Combining Multiple Effects with Handlers

After having defined a single effect in Getting Started, this quick tutorial shows how multiple, different effects can be defined and handled in Effekt.

Again, we prepared Scasties to follow along with this tutorial.

Defining a second effect

In Getting Started we have defined ambiguity as our first effect. The ambiguity effect signature had one effect operation and looked like this:

import effekt._

trait Amb {
  def flip(): Control[Boolean]
}
def ambList[R](prog: Amb => Control[R]): Control[List[R]] =
  new Handler[List[R]] with Amb {
    def flip() = use { resume => for {
      ts <- resume(true)
      fs <- resume(false)
    } yield ts ++ fs }
  } handle { amb => prog(amb) map { r => List(r) } }

We also defined a handler for the ambiguity effect as an implementation of the Amb trait, called ambList. To see how to combine two different effects, we will now first define a second (quite standard) effect: Mutable state. As before we start with the effect signature.

trait State[S] {
  def get(): Control[S]
  def put(s: S): Control[Unit]
}

Having defined the effect signature, we can implement a handler that, like the state monad, does not actually use mutable state but passes the current value around through the whole program.
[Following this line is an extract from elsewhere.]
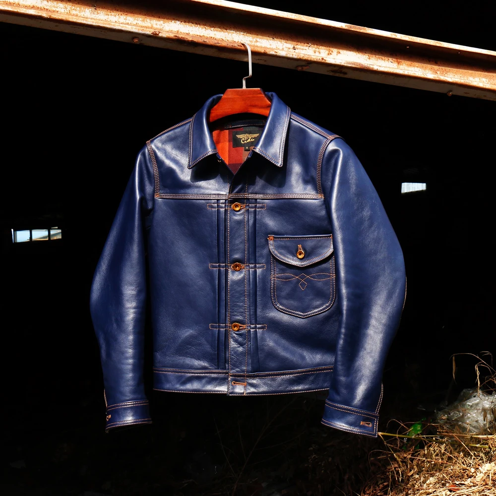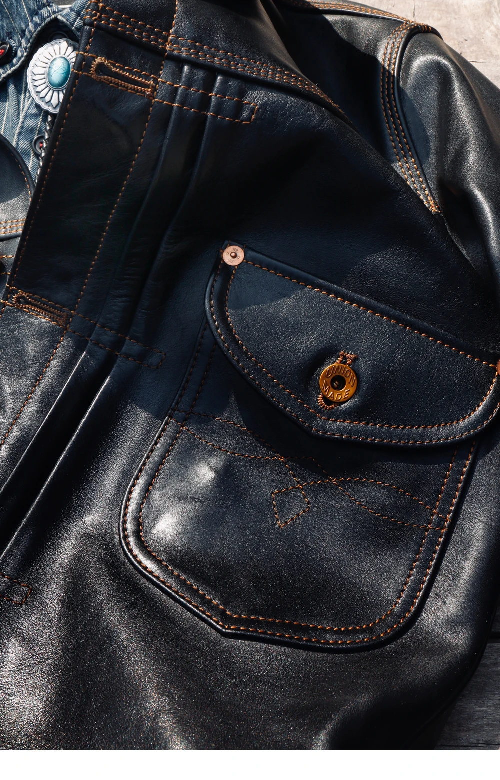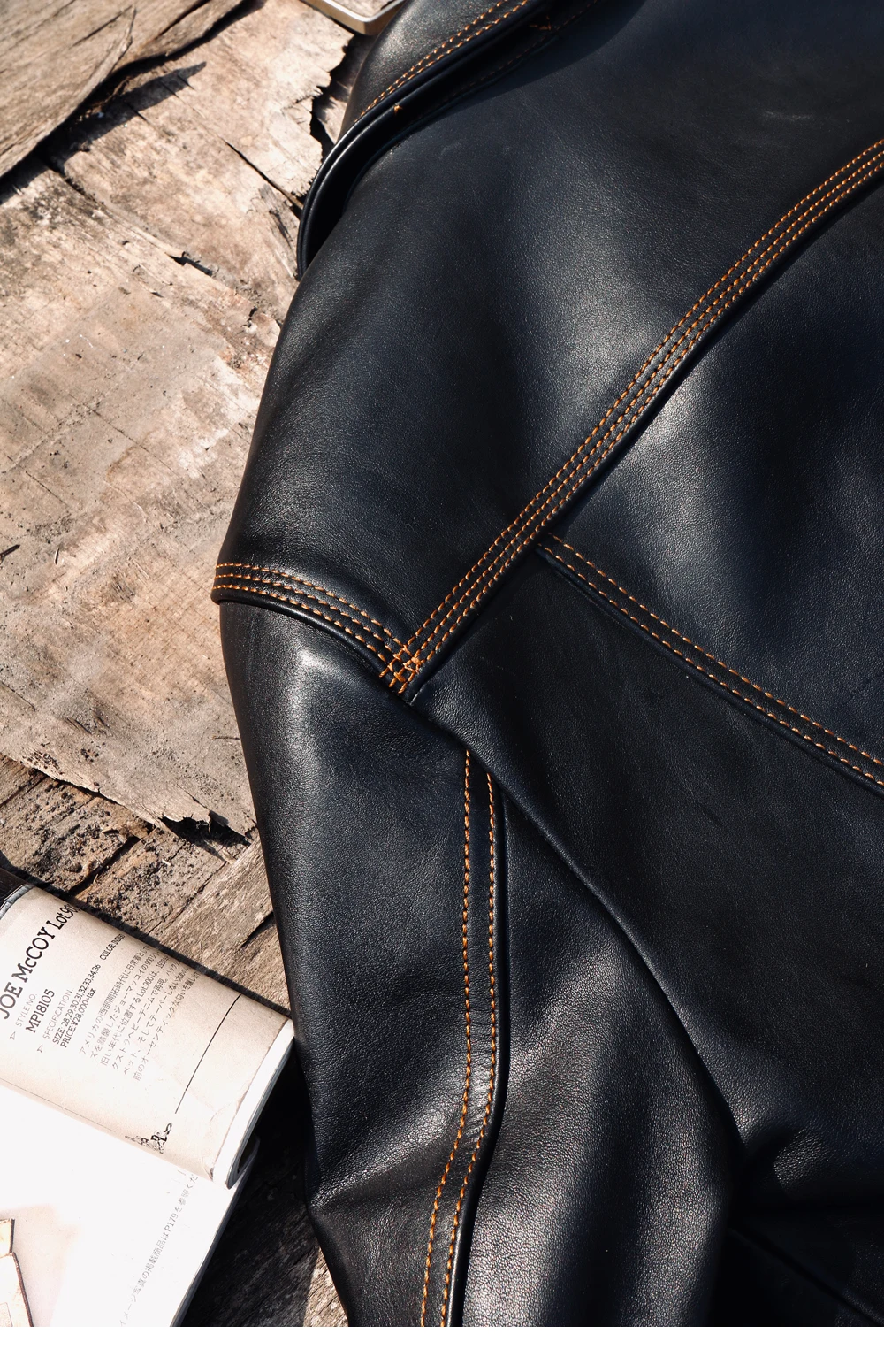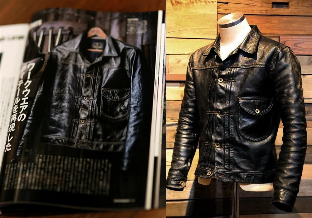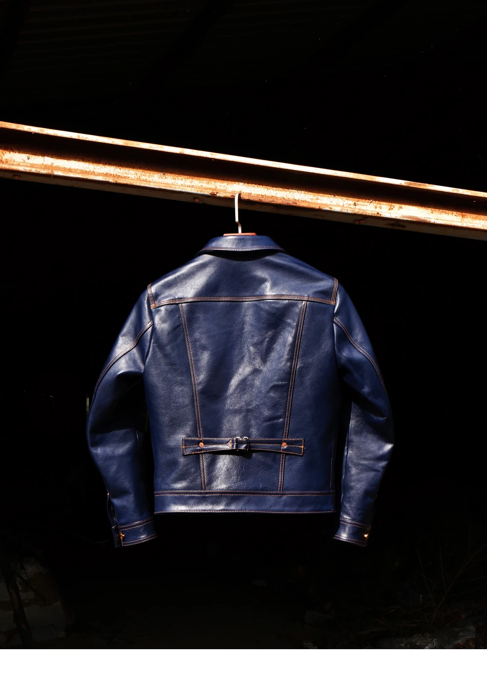 Мужская приталенная винтажная куртка из натуральной итальянской тосканной коровьей кожи азиатского размера

def state[R, S](init: S)(prog: State[S] => Control[R]): Control[R] =
  new Handler[S => Control[R]] with State[S] {
    def put(s: S) = use { resume => pure { s2 => resume(()) flatMap { _ apply s } } }
    def get()     = use { resume => pure { s2 => resume(s2) flatMap { _ apply s2 } } }
  } handle { state => prog(state) map { r => s => pure(r) } } flatMap { _ apply init }

Using Amb and State in one example

Let us now use the two effects to write a program that combines them.
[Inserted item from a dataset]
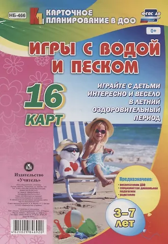 В пособии, созданном в удобной карточной форме, представлены игры-задания для игр с водой и песком, которые дадут возможность детям не только интересно и увлекательно провести время летних прогулок на участке, но и позволят развить конструктивные способности, мелкую моторику, пространственное воображение и фантазию, закрепить знания о форме, цвете предметов, поспособствуют развитию речи и обогащению словарного запаса.
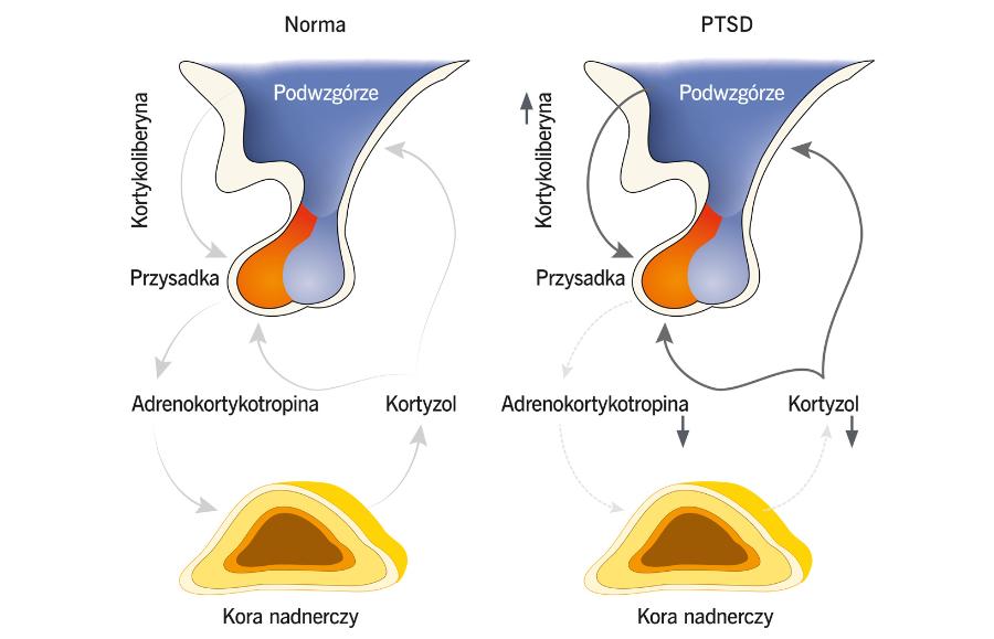 Rozplątywanie zagadki traumy, kortyzolu i PTSD zajęło badaczom kolejne dziesięciolecia. W klasycznej odpowiedzi walki lub ucieczki, zidentyfikowanej w latach 20. XX w., zagrożenie uwalnia hormony stresu takie jak adrenalina i kortyzol. Przyspieszają one np. puls i wyostrzają zmysły, aby zagrożona osoba mogła skupić się na uniknięciu niebezpieczeństwa. Uważano, że symptomy te zanikają po ustąpieniu zagrożenia. Jednak Allan Munck z Geisel School of Medicine w Dartmouth zauważył w 1984 r., że wśród hormonów stresu kortyzol odgrywał specyficzną regulacyjną rolę. Jeśli wysokie poziomy hormonów stresu utrzymują się długo, szkodzą organizmowi na wiele sposobów, osłabiając układ odpornościowy i zwiększając podatność na takie problemy jak nadciśnienie. Ale podczas ostrej traumy kortyzol paradoksalnie miewa także efekt ochronny. Zatrzymuje uwalnianie hormonów stresu – w tym samego siebie – zmniejszając potencjalne szkody dla narządów, w tym mózgu.

def example(implicit s: State[Int], amb: Amb): Control[Int] = for {
  x <- s.get()
  b <- amb.flip()
  _ <- if (b) s.put(x + 1) else pure(())
  y <- s.get()
} yield (x + y)

The example program requires capabilities for both effects, a state effect carrying an integer and the ambiguity effect. We first retreive the current state, then toss a coin and depending on result mutate the state (or not).

As you can see, there is nothing special to using more than one effect. The use of effects naturally composes.

Handling the two effects

As with monad transformers, we have two different ways of handling the two effects. Should we first handle away the ambiguity effect and then consider state, or the other way around? The nice thing with algebraic effects and handlers is that we can decide very late.
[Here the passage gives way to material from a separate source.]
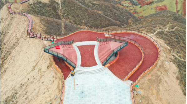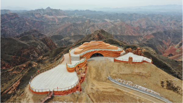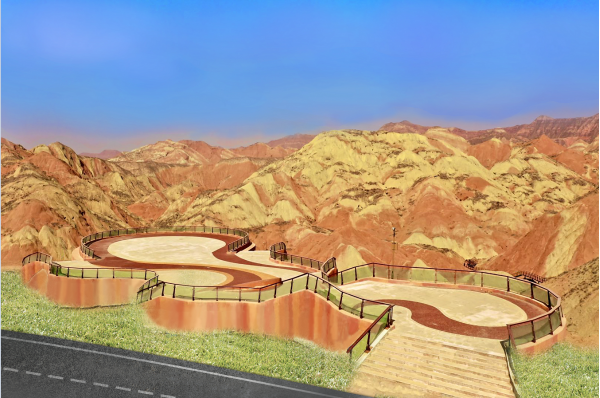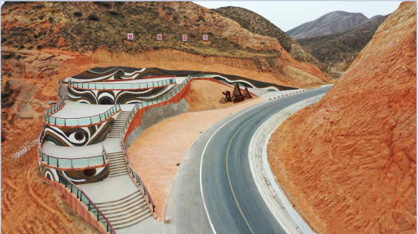 絲路霞光觀景平臺以丹霞風(fēng)貌作為設(shè)計背景切入,大面積采用流線型設(shè)計手法,將一帶一路的精神貫穿始終
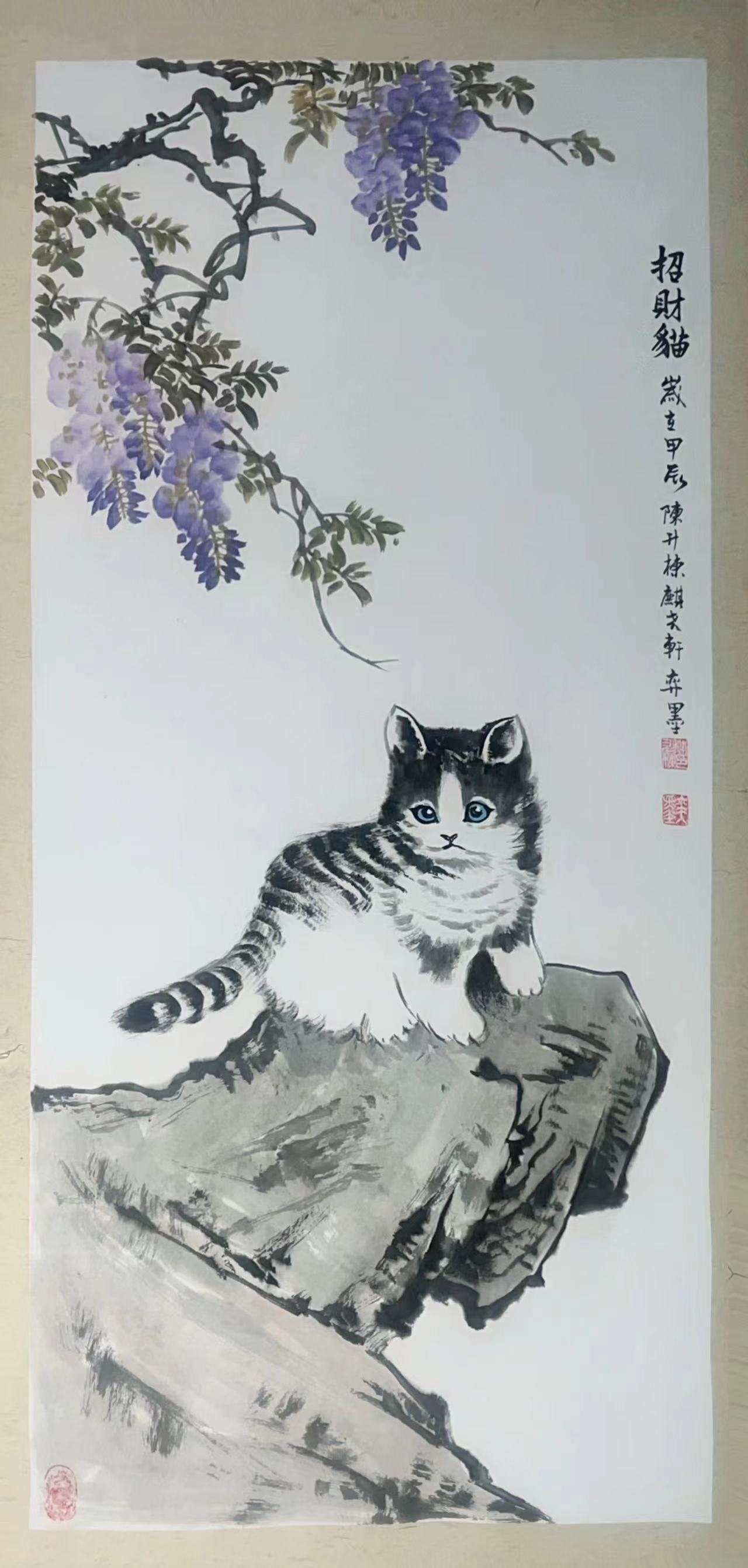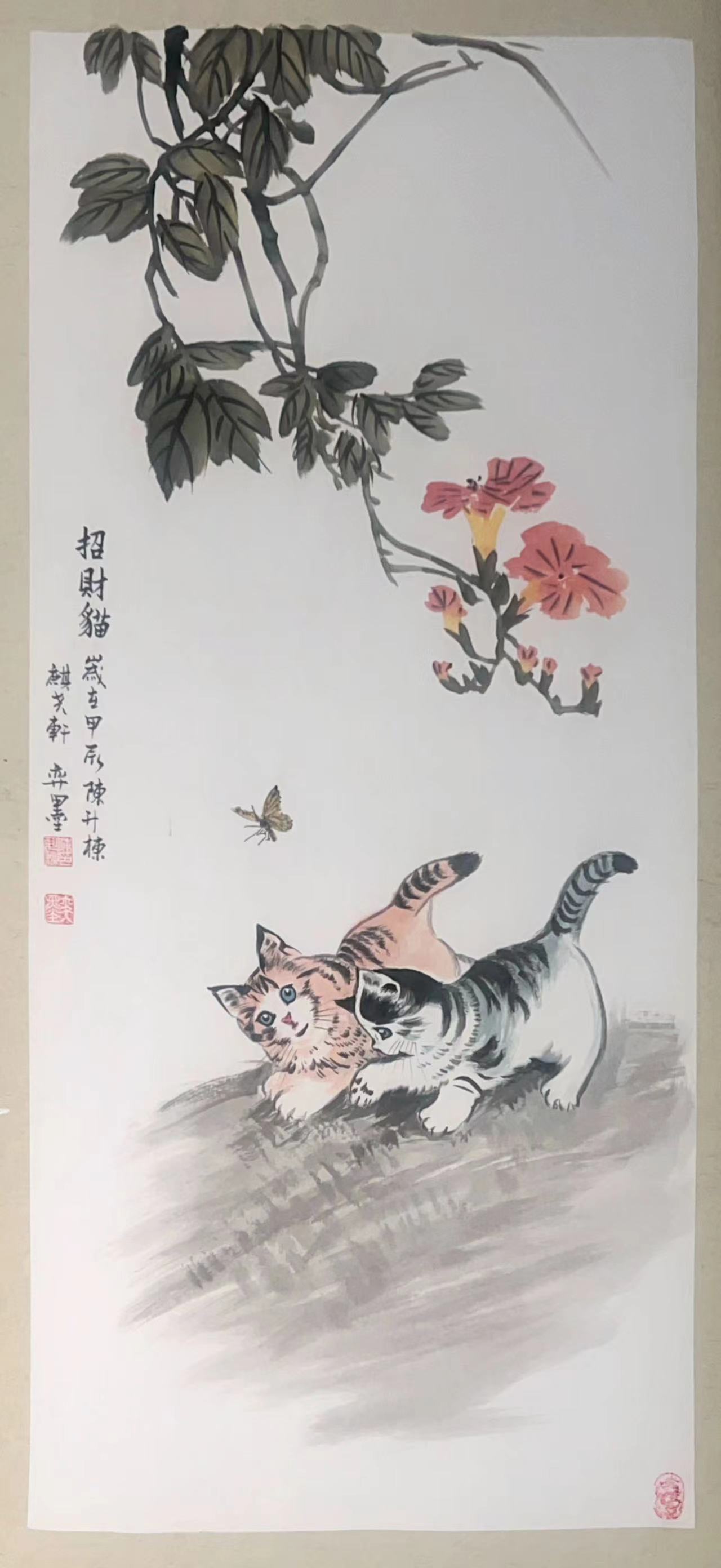 这九幅招财猫国画作品,不仅是艺术创作上的巅峰之作,更承载着深厚的文化内涵与美好寓意。招财猫作为传统吉祥文化的象征,代表着人们对幸福、财富与好运的向往。陈升栋通过国画这一独特艺术形式,将这份美好愿景以更加艺术化、高雅化的方式呈现,让传统民俗文化在水墨丹青中焕发出新的光彩。

Let’s experiment with the two options:

val result1: Control[List[Int]] = ambList { implicit a: Amb =>
  state(0) { implicit s: State[Int] =>
    example
  }
}
result1.run()
// res0: List[Int] = List(1, 0)

In this variant, we first handle away the state effect and then handle ambiguity. The ambiguity handler invokes the continuation twice, once with true and once with false. Since the state handler is nested in the ambiguity handler, it will be reset for the second invocation with false and thus the second element in the resulting list is 0.

Commuting the two handlers, we get different results:

val result2 = state(0) { implicit s: State[Int] =>
  ambList { implicit a: Amb =>
    example
  }
}
result2.run()
// res1: List[Int] = List(1, 1)

Now, ambiguity is run inside of state and the change of state carries over to the second coin flipping result.